I found the following two loops yield the same output. Can you help me to understand what the differences are between the @ and * in this particular case?
#!/bin/bash
ips=(8.8.8.8 8.8.4.4)
for ip in ${ips[@]}; do
echo $ip
done
for ip in ${ips[*]}; do
echo $ip
done
They both yield the same result:
8.8.8.8
8.8.4.4
Bash Man page quote
Any element of an array may be referenced using ${name[subscript]}. The braces are required to avoid conflicts with pathname expansion. If subscript is @ or * , the word expands to all members of name. These subscripts differ only when the word appears within double quotes.
IF the word is double-quoted, ${name[*]} expands to a single word with the value of each array member separated by the first character of the IFS special variable, and ${name[@]} expands each element of name to a separate word.

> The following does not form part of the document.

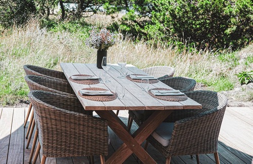 In Denmark's most beautiful village, Sønderho, you will find this unique holiday home. The house is built in a romantic style and is spaciously furnished, and you can look forward to two bathrooms, one of which has a whirlpool. The large kitchen-living room with its many windows is a bright and inviting space, and in one corner there is a cosy sitting area where you can relax.
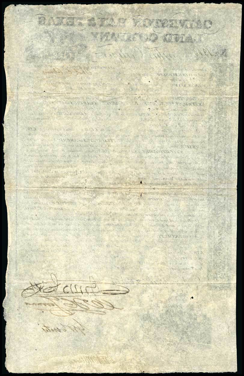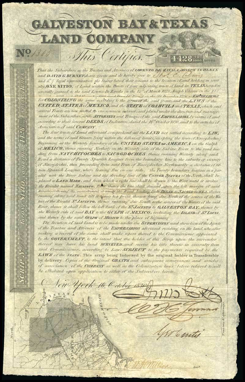 The Galveston Bay & Texas Land Company was founded in order to promote the colonization of lands, located immediately to the east of the Austin Colony between the San Jacinto and Sabine Rivers. The price was five cents an acre, but the certificates were of little worth and, perhaps fraudulent. A great piece of early Texas history.

When there are no array members, ${name[@]} expands to nothing. If the double-quoted expansion occurs within a word, the expansion of the first parameter is joined with the beginning part of the original word, and the expansion of the last parameter is joined with the last part of the original word.
Which means:
munai@munai-devops:~$ declare -a array
munai@munai-devops:~$ array=(1 2 3)
munai@munai-devops:~$ bakIFS=$IFS
munai@munai-devops:~$ IFS=","
munai@munai-devops:~$ echo "${array[*]}"
1,2,3
munai@munai-devops:~$ echo "${array[@]}"
1 2 3
As you've notice, there is no difference between the two - that is when the arrays are not quoted.
"${arr[*]}" expands the array to one element, whereas
"${arr[@]}" expands each element but preserving whitespace (IFS).
The first array won't change but the second will have the output of:
8.8.8.8 8.8.4.4